It allows a manuscript to be imported (.doc or .odt), templates applied, editorial processes to be carried out and at any time a PDF can be generated, HTML and ePUB. Alternatively it can also be used as an authoring and editing environment. It also outputs preconfigured packages for MS Reader, Mobipocket and Palm eReader.

We are just setting up a public sandbox site for people to experiment, and for feedback, and hopefully kindly criticism. We are not quite ready for prime time yet and the launch is planned for 2nd week of January. If all goes well we intend to put up a site for registered users at no charge if they are making non-commercial books. We are looking at a low cost SaaS model for self, small and boutique publishers on a low monthly price.

“Editing is WYSIWYM – What You See Is What You Mean,” according to the IGP site. “This is a necessary paradigm shift for multi-format editing where WYSIWIG presents just one expression of the work. For example, you are authoring or editing the text in a Notebox. In the print edition it will be flowed to the top of the page; in the Online & eBook edition it will maintain its position in the text.”

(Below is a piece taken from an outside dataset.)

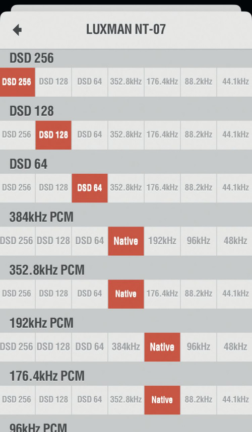 Przetwornik DA-07X nie ma zdalnego sterowania, ale ma je odtwarzacz NT-07. Oprócz pilota fizycznego kusi stworzona specjalnie dla tego urządzenia aplikacja mobilna. Składa się z kilku działów zarówno z funkcjami i ustawieniami podstawowymi (jak np. jasność wyświetlacza czy tryb wyjść analogowych), jak i najbardziej zaawansowanymi, np. z możliwością definiowania pracy upsamplera, i to niezależnie dla niemal wszystkich typów sygnałów wejściowych (plików).

I’d encourage TeleRead community members to help IGP and supply the constructive feedback that Richard is looking for. How about WYSIWYM vs. WYSIWYG, for example? Which would you prefer in creating multiple formats?

Room for different biz models

Although I’d still love to see ePubWriter because it could build on OpenOffice‘s popularity and be absolutely free to typical users, I’m in favor of any efforts to give small publishers an alternative to the current mess. The best of luck to you, Richard. And no meanness toward Adobe. I’m rooting for it to do much better than it has at satisfying the needs of small publishers—part of which means lower prices. With outfits like IGP out there, the last thing Adobe needs is a Detroitish, SUVish approach. That would be a self-imposed death sentence.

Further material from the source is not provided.